Déja quarante-quatre volumes de petites choses utiles. Remonter dans les archives des petites choses est assez rigolo, j’ai déjà oublié 80% de ce qu’elles contiennent.

La semaine prochaine, je tente un nouveau style rédactionnel, proche de Tom Coates sur Plastic Bag (récemment encensé par Contented).

Référence : François, Les petites choses utiles du mardi, vol. 44, Boîte Noire, 30 janvier 2007.
Accessible en ligne : http://phnk.com/blog/petites-choses/44/.

Discussion

5 commentaires :

Pas sûr qu’on fasse du Blogginheadz (faut pas déconner, les communards ne sont pas Henry Farrell ou Yglesias ou Drezner non plus), la télé n’est pas encore le fort des communards, dont pas mal sont anonymes.
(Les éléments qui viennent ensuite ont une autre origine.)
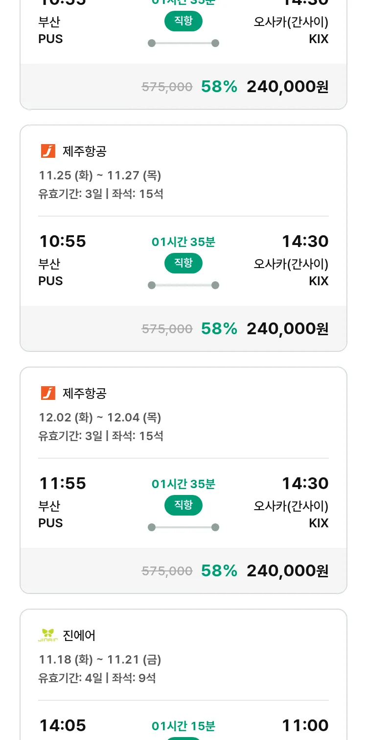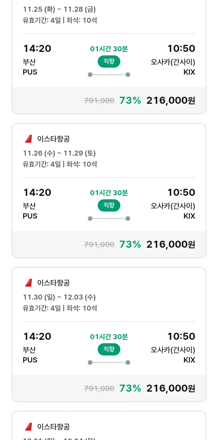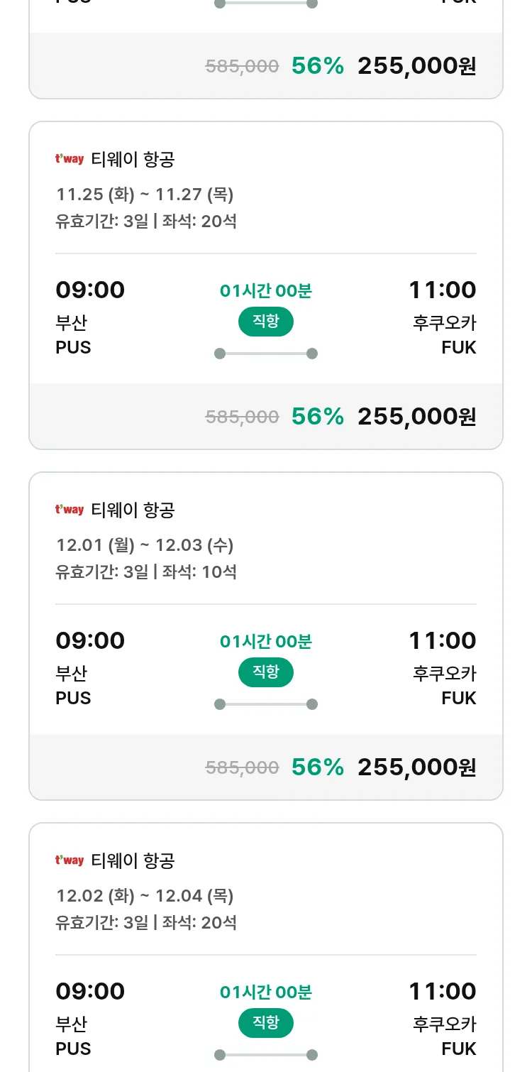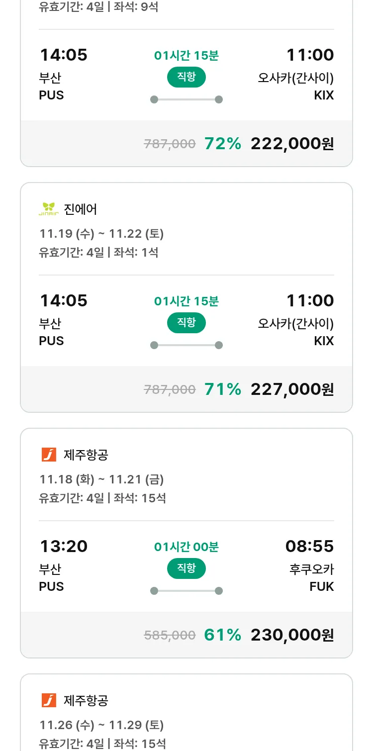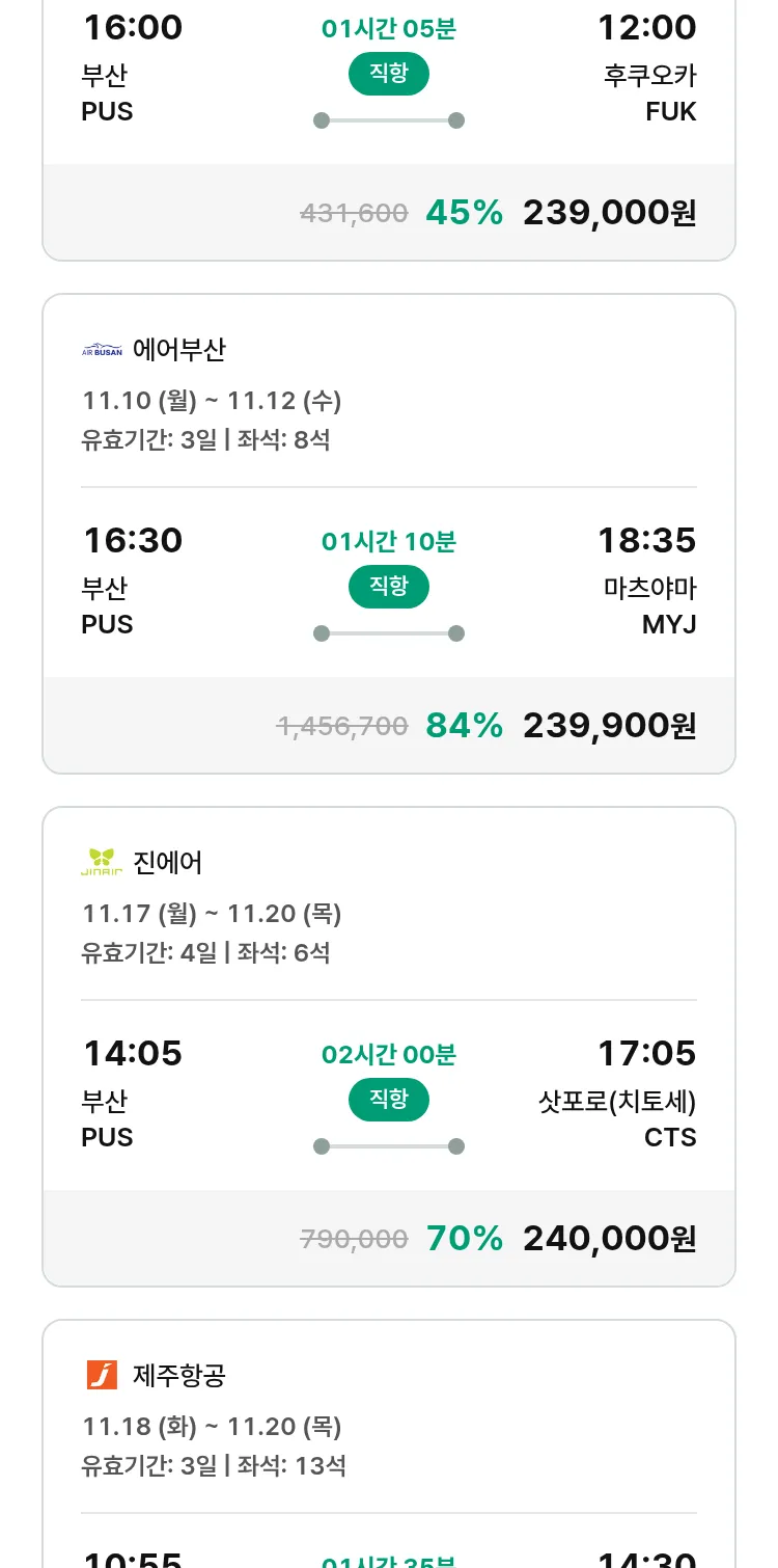 (11월2일(일)) 땡처리 특가 항공권

Sans compter la barrière technologique. On se lance plutôt dans l’audio, pour l’instant, en mode plus collectif (dans un format un peu Esprit Public, hebdomadaire). Numéro 1 en ligne. Le numéro zéro était très marrant. Tes conseils et remarques sont les bienvenus.
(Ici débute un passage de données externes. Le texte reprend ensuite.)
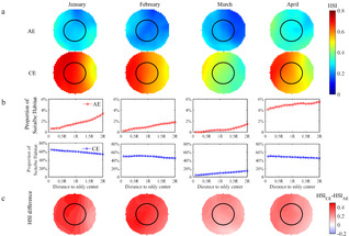 2 1-4月涡旋中的HSI分布模态、涡旋内适宜HSI与距涡心距离的关系以及各月气旋涡与反气旋中的HSI差异比较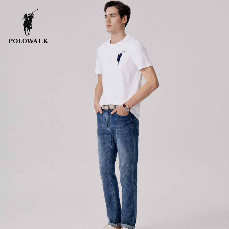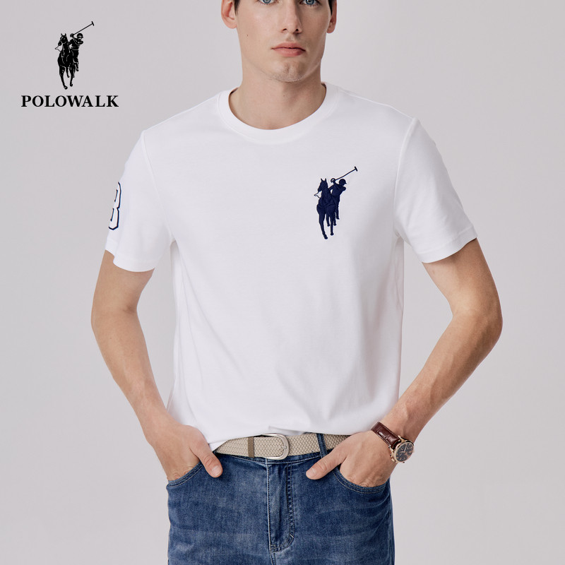百搭舒适短袖 POLOWALK夏季 简约时尚 男式 圆V领T恤AF4W42282621 新品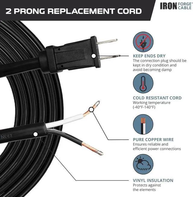 Open-Ended for Custom Installations: The power cable 2 prong features an open end with bare wire, allowing for easy customization and installation in various applications.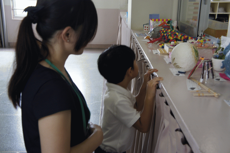 保護者の方々も一つ一つの作品に足を止めながら見て下さっていました。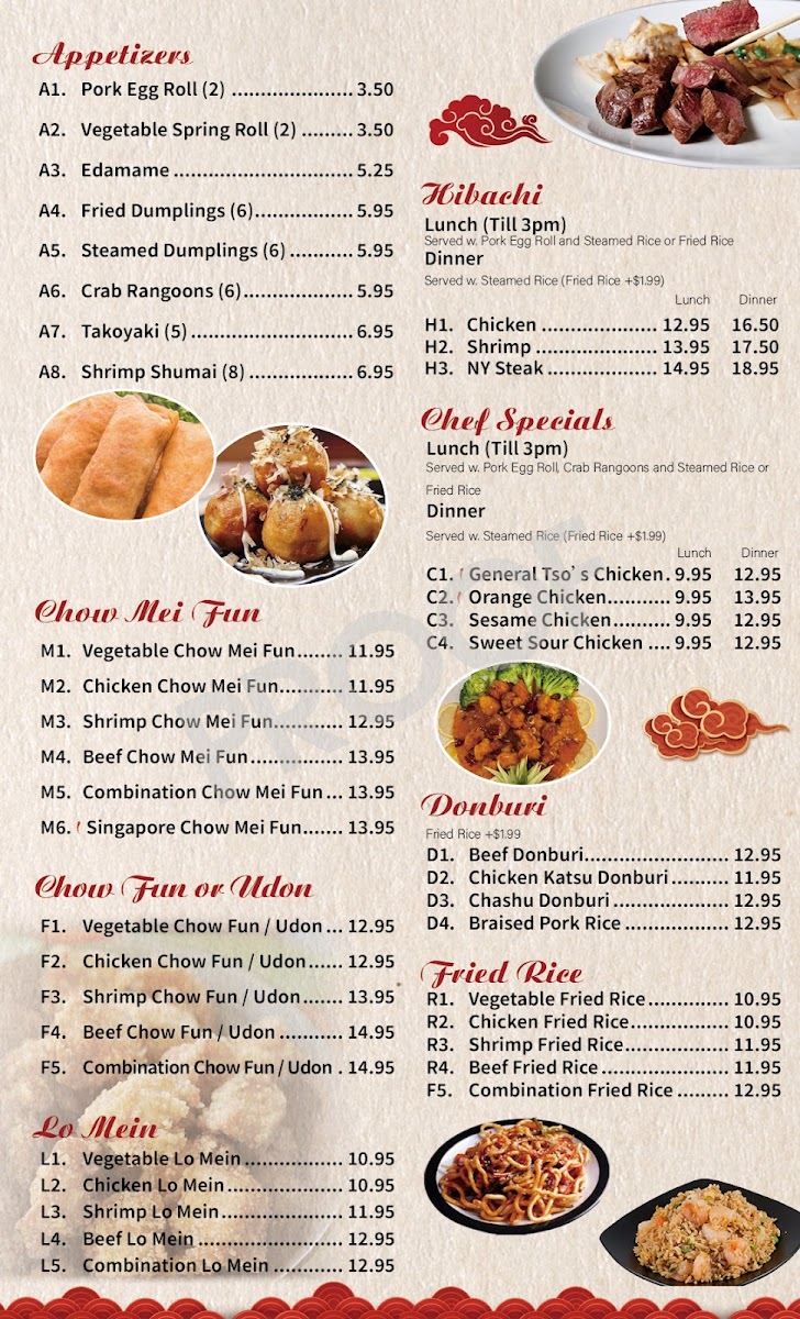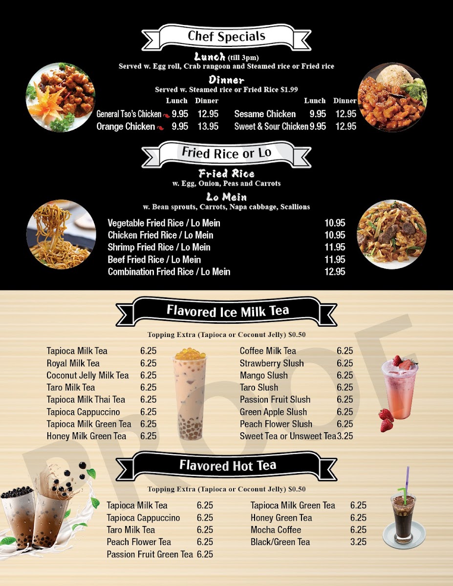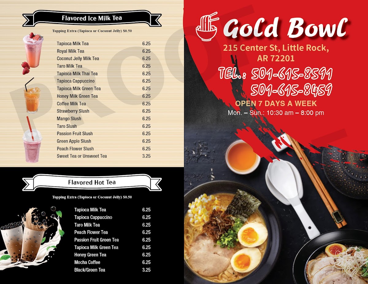 Gold Bowl offers a diverse and flavorful menu, with options that cater to a variety of tastes and preferences. For starters, patrons can enjoy appetizers such as Pork Egg Roll and Vegetable Spring Roll. The restaurant's chow options include several variations of Chow Mei Fun and Chow Fun or Udon, such as the Vegetable Chow Mei Fun and Chicken Chow Fun/Udon, with a choice of meats like shrimp, beef, and a combination of all. Additionally, their Lo Mein selections, such as Vegetable Lo Mein and Beef Lo Mein, deliver hearty, satisfying portions. For those craving a bowl of comfort, Beef Donburi and Chicken Katsu Donburi are top picks. The Fried Rice section also presents a great variety, from Vegetable Fried Rice to the Combination Fried Rice. As a refreshing drink, try one of their Flavored Ice Milk Teas, including the Tapioca Milk Tea or the Coconut Jelly Milk Tea. Ramen lovers will appreciate the Chashu Ramen or Spicy Miso Ramen. For a special treat, there are dinner combinations like the Ribeye Combo and Filet Mignon Combo. To top it off, you can indulge in satisfying entrees like General Tso's Chicken or Orange Chicken, with most of these dishes priced reasonably, like the General Tso's Chicken at $9.95. Gold Bowl delivers a delicious, affordable, and wide-ranging menu that leaves diners with plenty of delicious options to explore.

… sont en cours de fusionnement : fusion ?

versac, 30 janvier 2007

Tu as raison, j’avais oublié l’anonymat de certains blogueurs.

La comparaison avec L’Esprit Public est excellente. Attention Versac, il te manque le lien vers le podcast sur la première page podcast, ton plugin n’affiche pour l’instant que l’icône sans lien vers la source audio. Heureusement les liens fonctionnent sur les pages section.

Fusion : ouaip. Corrigé, merci !

François, 30 janvier 2007

L’Ecosse est “contributeur net” ou “bénéficiaire net”? Le deuxième me semble expliquer de manière plus logique le fait que l’Ecosse ne veut pas être indépendante. Non?

Jérémy, 30 janvier 2007

L’Écosse est bénéficiaire nette en Grande-Bretagne : elle a les dépenses publiques sur PIB de la Finlande et le taux de prélèvement obligatoires du Canada.

Sinon, il y a ces quelques aspects historiques et géographiques sur l’Écosse.

alexandre delaigue, 30 janvier 2007

Oui aux deux derniers commentaires, je viens de corriger ce lapsus non freudien.